● **WHAT IS REQUIRED**
Scan the material for the word "with" and copy each line where it occurs.

● **AVAILABLE RECORDS**
************
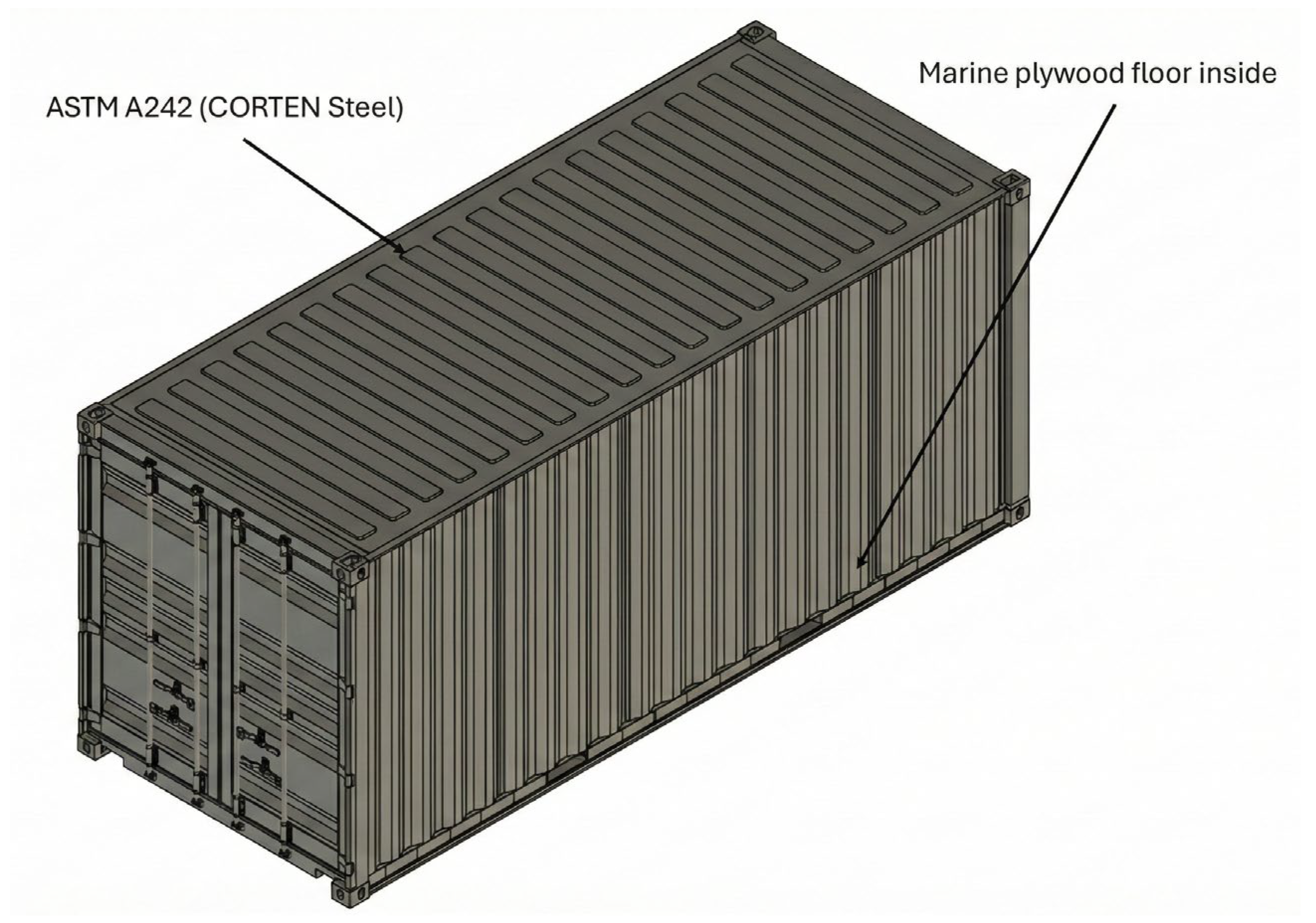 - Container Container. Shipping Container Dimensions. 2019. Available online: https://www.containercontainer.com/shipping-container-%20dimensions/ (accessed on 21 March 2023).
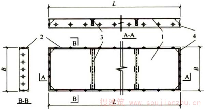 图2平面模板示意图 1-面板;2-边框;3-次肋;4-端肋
************
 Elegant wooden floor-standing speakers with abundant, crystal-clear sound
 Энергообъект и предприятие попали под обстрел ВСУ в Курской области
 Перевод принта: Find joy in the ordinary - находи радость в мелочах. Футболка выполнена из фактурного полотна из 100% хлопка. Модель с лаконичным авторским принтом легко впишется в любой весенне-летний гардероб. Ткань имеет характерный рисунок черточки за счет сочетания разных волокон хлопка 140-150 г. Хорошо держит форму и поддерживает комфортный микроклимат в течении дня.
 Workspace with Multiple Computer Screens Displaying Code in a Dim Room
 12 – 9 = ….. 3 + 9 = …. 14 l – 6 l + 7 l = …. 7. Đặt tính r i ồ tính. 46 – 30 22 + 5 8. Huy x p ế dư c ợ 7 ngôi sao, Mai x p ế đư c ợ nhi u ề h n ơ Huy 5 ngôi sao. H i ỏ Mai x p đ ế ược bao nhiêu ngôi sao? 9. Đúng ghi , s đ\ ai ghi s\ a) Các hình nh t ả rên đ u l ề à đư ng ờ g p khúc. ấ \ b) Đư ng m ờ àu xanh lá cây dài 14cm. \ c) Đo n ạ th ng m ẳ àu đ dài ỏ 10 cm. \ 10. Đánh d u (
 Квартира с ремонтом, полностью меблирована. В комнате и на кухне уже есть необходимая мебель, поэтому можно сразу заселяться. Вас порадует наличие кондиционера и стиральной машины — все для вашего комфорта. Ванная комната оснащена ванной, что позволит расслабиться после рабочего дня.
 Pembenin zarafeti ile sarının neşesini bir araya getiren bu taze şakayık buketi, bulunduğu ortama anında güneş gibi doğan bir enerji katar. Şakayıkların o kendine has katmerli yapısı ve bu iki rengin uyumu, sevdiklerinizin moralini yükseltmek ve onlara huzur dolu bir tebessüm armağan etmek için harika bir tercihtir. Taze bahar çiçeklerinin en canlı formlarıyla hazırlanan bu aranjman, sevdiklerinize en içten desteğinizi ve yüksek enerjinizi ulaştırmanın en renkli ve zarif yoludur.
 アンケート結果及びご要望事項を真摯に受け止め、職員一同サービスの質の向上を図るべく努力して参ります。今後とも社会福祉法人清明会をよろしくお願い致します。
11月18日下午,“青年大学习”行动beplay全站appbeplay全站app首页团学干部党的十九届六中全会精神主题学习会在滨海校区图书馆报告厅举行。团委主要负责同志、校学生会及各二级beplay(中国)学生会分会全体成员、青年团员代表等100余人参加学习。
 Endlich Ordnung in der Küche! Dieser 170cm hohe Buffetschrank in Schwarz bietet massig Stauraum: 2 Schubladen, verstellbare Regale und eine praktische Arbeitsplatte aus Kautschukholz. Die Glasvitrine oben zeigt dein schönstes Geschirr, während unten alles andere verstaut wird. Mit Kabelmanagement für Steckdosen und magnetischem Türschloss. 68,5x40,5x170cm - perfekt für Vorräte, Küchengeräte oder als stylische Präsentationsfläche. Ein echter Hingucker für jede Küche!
************
● **REPLY TO THE TASK**
 Elegant wooden floor-standing speakers with abundant, crystal-clear sound
 Workspace with Multiple Computer Screens Displaying Code in a Dim Room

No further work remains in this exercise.